MPAA Rated: Not rated, but would be R for sexual references, drug content, and langauage
Running Time: 109 min.

Cast: Sonja Bennett, Paul Campbell, James Caan, Danny Trejo, Laura Harris, Carrie Ruscheinsky, Denise Jones, Lisa Durupt, Jared Keeso
Director: Jacob Tierney
Screenplay: Sonja Bennett

Review published January 29, 2015

With all of the hullabaloo about American Sniper and its unintentionally humorous use of a fake baby in one of the film's key dramatic scenes, perhaps it is a good time to discuss another film in which a fake baby is used to get some intentional laughs.

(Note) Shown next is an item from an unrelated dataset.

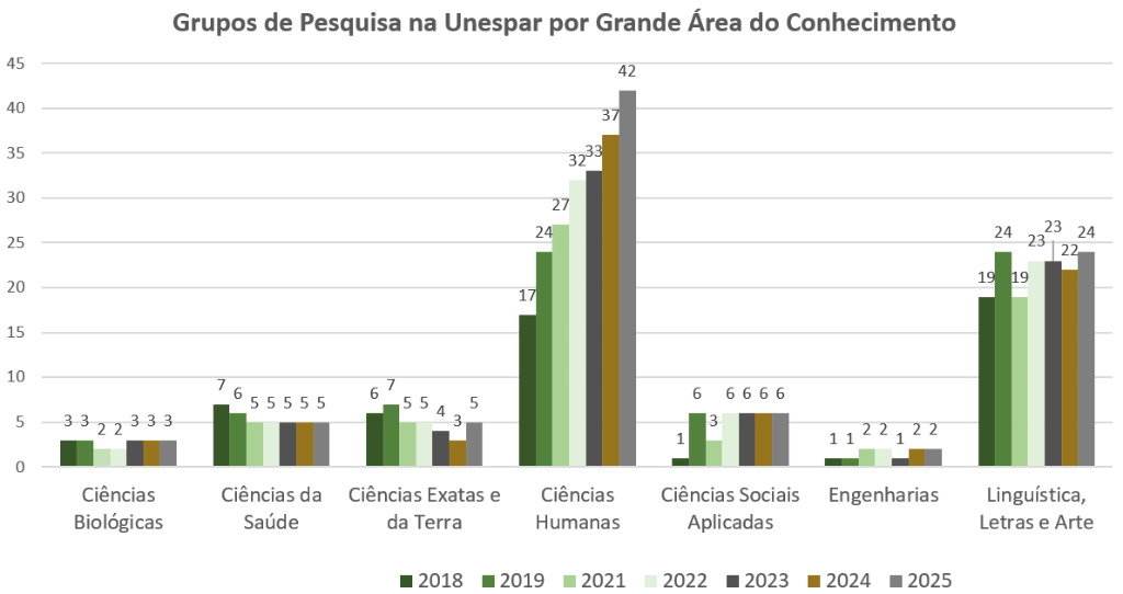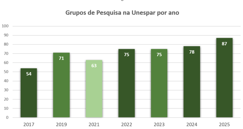 Fonte: Documentos oficiais da Diretoria de Pesquisa produzidos em resposta às Chamadas Públicas da Fundação Araucária do Paraná - período de 2017 a 2022. Diretório de Grupos de Pesquisa do CNPq - Unespar (novembro de 2025).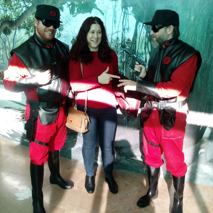 No se me ve pagada con los actores de #cosplay de la mítica #serie#V, para nada. De pequeña #Dyana era mi #heroina a pesar de ser la #mala porque era una mujer #empoderada y fuerte, además de llamarse como yo. Además que como lagarto molaba mucho. @HispaCon2019 #cienciaficcion

Sonja Bennett (The Fog, Punch), who wrote the original screenplay (her first), stars as Ruth, a thirty-five-year-old slacker stuck in arrested development, unmarried, still living with her father (Caan, Cloudy with a Chance of Meatballs 2), and still doing the same supermarket cashier job she's had since she was 15.  She still smokes, drinks, and listens to the same music of her youth (CeCe Peniston's "Finally" is a fave go-to), but is soon finding that what once made her cool is now making her appear a bit pathetic.  With all of her friends able to move on and have husbands and children of their own, and after making an ass of herself at one of her besties' baby showers, Ruth is told she just doesn't fit in anymore, furthering her shift from loser to loner in a very real way.

Through a series of coincidences too amusing to relate without spoiling some of the laughs, Ruth finds herself faking a pregnancy in order to keep her job, please her father, annoy her desirous-for-child younger sister (Durupt, "Less Than Kind"), gain the love of a potential new beau (Campbell, 88 Minutes), and get back into the inner circle of friends.  She wants to come clean, but doesn't want to jeopardize all that she has been successful in building up, now that people are treating her with a newfound respect.  The question is, she has only a few months to make good before people catch on that she's perpetrating a fraud to them all.

Not without its moments of amusement, Preggoland plays out more like an extended episode of an HBO original comedy than it does a full-fledged feature film. There are plenty of potentially big laughs to be had for those who, well, laugh easily at mildly rude humor, though the movie is filled with contrived moments that will likely run a bit too obvious in its approach to more seasoned comedy film-goers. 

Bennett does bring forth an adequate amount of comedy from the premise, enough to make it watchable in a low-rent indie sort of way, but the direction by Jacob Tierney, while not bad, isn't able to completely cover over the machinations of the gags.  And some of those gags feel like retreads of jokes we've seen in other comedies, both big screen and small, which is why I feel like those who don't regularly feast of awkward-moment comedies will have more mileage than those who've seen their fair share. (My film-festival crowd of predominantly middle-aged-and-up women found even the most trite of sight gags to be gut-busters).

Still, even if the timing of the comedy and stiff quality of the performances leave a lot of room for improvement, I won't say that it grows tiresome overall, even if it does feel a bit redundant and slack from time to time (It could stand to benefit from a 20-minute trim-down).  It's not the sort of thing that will likely sate those who pay full ticket price, but on the small screen, it might be a hit, as the escalating-lie, TV-sitcom vibe will feel more at home at home.